In one embodiment, generating a trained gesture recognition model includes: acquiring a plurality of first standard gestures and position information of corresponding key points; calculating the position relation of each first standard gesture according to the position information of the key point corresponding to each first standard gesture; inputting the position information and the position relation of each first standard gesture and the corresponding key point to a first gesture recognition model, and outputting a predicted gesture corresponding to each first standard gesture; counting recognition errors according to the first standard gestures and the corresponding predicted gestures, and calculating a loss value of the first gesture recognition model according to the recognition errors to obtain a second loss value; when the second loss value is located in a second preset loss value interval, obtaining a trained first gesture recognition model; and determining the trained gesture recognition model according to the trained first gesture recognition model.

In one embodiment, the processor, when executing the computer program, further performs the steps of: and when the second loss value is not in the second preset loss value interval, updating parameters of the first gesture recognition model according to the second loss value to obtain an intermediate gesture recognition model, and executing input of position information and position relations of each first standard gesture and the corresponding key point to the intermediate gesture recognition model until the second loss value of the intermediate gesture recognition model is in the second preset loss value interval to obtain the trained first gesture recognition model.

In one embodiment, the first gesture recognition model after training comprises an input layer, a hidden layer and an output layer, the input layer is connected with the hidden layer, the hidden layer is connected with the output layer, the output of the output layer has a first number of output categories, and the processor further implements the following steps when executing the computer program: acquiring the number of categories to be increased, and calculating the sum of the first number and the number of categories to be increased to obtain a second number; adjusting the network structure of the trained first gesture recognition model to obtain a second gesture recognition model, wherein the number of categories output by an output layer of the second gesture recognition model is a second number; acquiring classification training data corresponding to the gesture categories to be added, wherein the classification training data comprises a plurality of second standard gestures and position information of corresponding key points; calculating the position relation of each second standard gesture according to the position information of the key point corresponding to each second standard gesture; taking a gesture set formed by the first standard gesture and the second standard gesture as a standard gesture set; inputting each gesture in each standard gesture set and the position information and the position relation of the corresponding key point to the second gesture recognition model, and obtaining a trained second gesture recognition model when the loss value of the second gesture recognition model is located in a third preset loss interval; determining a trained gesture recognition model according to the trained first gesture recognition model, comprising: and taking the trained first gesture recognition model or the trained second gesture recognition model as the trained gesture recognition model.

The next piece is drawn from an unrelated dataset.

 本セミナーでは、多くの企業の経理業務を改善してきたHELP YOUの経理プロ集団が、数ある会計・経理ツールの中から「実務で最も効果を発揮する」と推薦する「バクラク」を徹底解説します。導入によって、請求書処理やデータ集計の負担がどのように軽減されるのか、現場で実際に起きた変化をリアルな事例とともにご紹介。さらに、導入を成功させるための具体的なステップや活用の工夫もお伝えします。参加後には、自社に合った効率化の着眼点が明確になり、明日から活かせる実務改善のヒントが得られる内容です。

In one embodiment, each gesture feature includes 21 key points, each of the 21 key points includes a wrist key point and 4 finger key points corresponding to each finger, and the calculating of the position relationship between the key points according to the key point position information corresponding to each gesture feature includes: and constructing a key point vector of each finger key point and wrist key point corresponding to each gesture feature to obtain a key point vector of each gesture feature, calculating a vector included angle of the key point vector of each gesture feature, and expressing the position relation of the key points of each gesture feature by adopting the vector included angle of the key point vector of each gesture feature.

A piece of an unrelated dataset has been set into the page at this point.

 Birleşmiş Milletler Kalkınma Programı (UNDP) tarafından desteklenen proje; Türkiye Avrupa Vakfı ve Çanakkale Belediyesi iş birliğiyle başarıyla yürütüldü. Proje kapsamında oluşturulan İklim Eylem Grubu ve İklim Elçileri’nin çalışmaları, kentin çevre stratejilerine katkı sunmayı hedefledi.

In one embodiment, a computer-readable storage medium is provided, having a computer program stored thereon, which when executed by a processor, performs the steps of: acquiring an image containing at least one gesture feature; inputting images to the trained key point detection model to obtain the position information of the key points of each gesture characteristic; calculating the position relation among the key points according to the key point position information corresponding to the gesture features; and inputting the position information and the corresponding position relation of the key points of each gesture feature to a trained gesture recognition model, and outputting a recognition result corresponding to each gesture feature, wherein the trained gesture recognition model and the trained key point detection model are respectively trained models.

In one embodiment, the computer program when executed by the processor further performs the steps of: generating a trained keypoint detection model, comprising: acquiring a plurality of first training images, wherein the first training images carry marking information, and the marking information comprises standard position information of key points; inputting a first training image to the key point detection model, and outputting the predicted position information of each key point; calculating a loss value of the key point detection model according to the difference between the predicted position information of each key point and the corresponding standard position information to obtain a first loss value; and when the first loss value is positioned in the first preset loss value interval, obtaining the trained key point detection model.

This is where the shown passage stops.